Material for this exercise

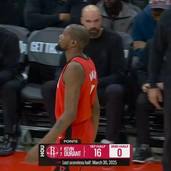 杜兰特上半场16分,下半场近乎于零分
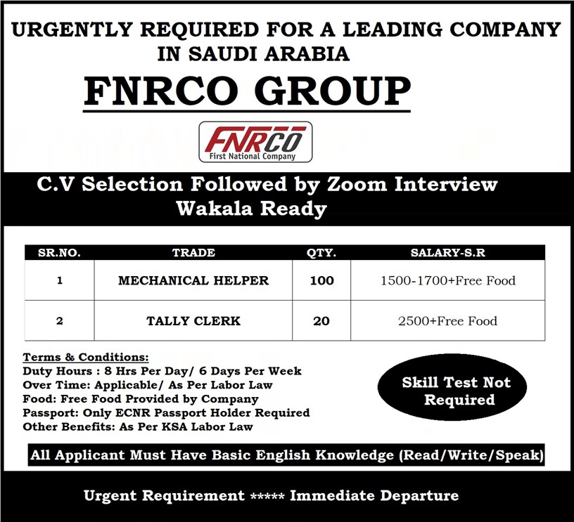 Jobs in Saudi Arabia – mechanical helper – Tall clerk – Gulf Jobs 2024
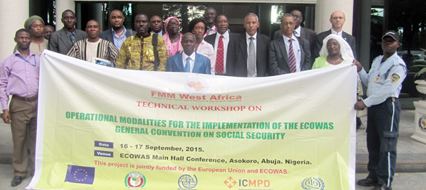 The implementation of the ECOWAS General Convention on social security aims at strengthening the extension of the coverage of social security of migrants and their families and guarantees the portability of their social security rights within the ECOWAS region. It follows the recommendations and action plan prepared during a workshop held from Wednesday 16th to Thursday, 17th September 2015 in Abuja, Nigeria. The workshop was organized by the ECOWAS Commission in collaboration with ILO under the implementation of the project “Support to Free Movement of Persons and Migration in West Africa” (FMM) project.
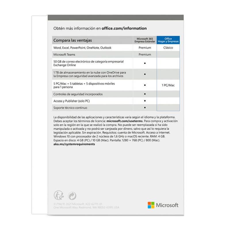Las herramientas esenciales para hacer todo el trabajo. Office Hogar y Empresas 2021 es para familias y pequeñas empresas que necesitan las aplicaciones clásicas de Office y correo electrónico. Incluye Word, Excel, PowerPoint y Outlook para Windows 11 y Windows 10. Compra de pago único que se instala en 1 equipo PC o Mac para uso en el hogar o el trabajo.
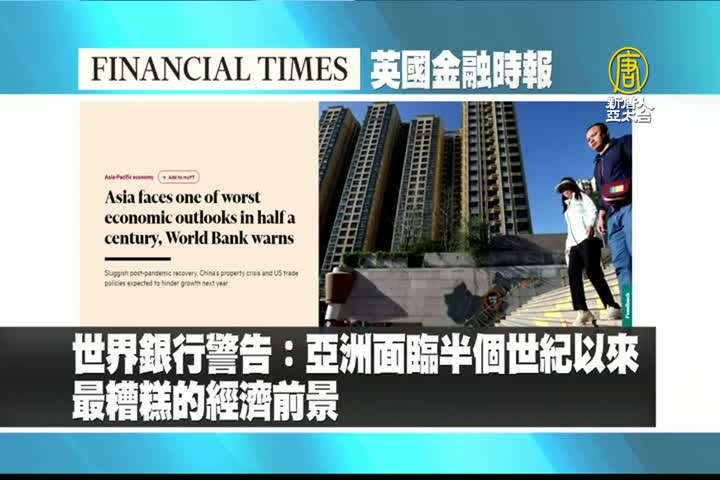 【新唐人亞太台 2023 年 10 月 03 日訊】接著是英國金融時報的報導:世界銀行警告,亞洲面臨半個世紀以來最糟糕的經濟前景。
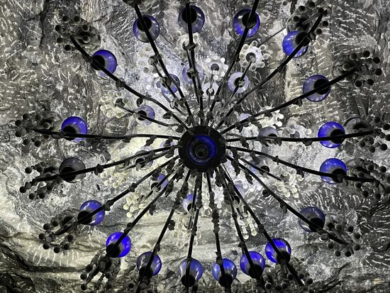 Ich trödle noch ein wenig, höre meinem Begleiter im Ohr zu, der erklärt, dass die Lüster an den Decken aus tausenden von Salztropfen bestehen, die mit blauem Glas und weissen Lampen ergänzt, eine zauberhafte Beleuchtung ergeben.
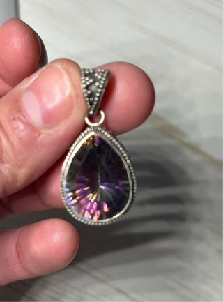 Elegante colgante con un cuarzo místico y plata 925. El Cuarzo Místico potencia la energía personal, disipa la negatividad, fomenta la intuición y la conexión espiritual, ayudando en la sanación emocional, atrayendo la abundancia y equilibrando los chakras, ofreciendo protección y claridad para manifestar metas y superar traumas pasados.

Task
Each line from the one bearing "Ich trödle noch" through the final line of the records is to be copied exactly, and no pictures are to be included.

Exercise output
 Ich trödle noch ein wenig, höre meinem Begleiter im Ohr zu, der erklärt, dass die Lüster an den Decken aus tausenden von Salztropfen bestehen, die mit blauem Glas und weissen Lampen ergänzt, eine zauberhafte Beleuchtung ergeben.
 Elegante colgante con un cuarzo místico y plata 925. El Cuarzo Místico potencia la energía personal, disipa la negatividad, fomenta la intuición y la conexión espiritual, ayudando en la sanación emocional, atrayendo la abundancia y equilibrando los chakras, ofreciendo protección y claridad para manifestar metas y superar traumas pasados.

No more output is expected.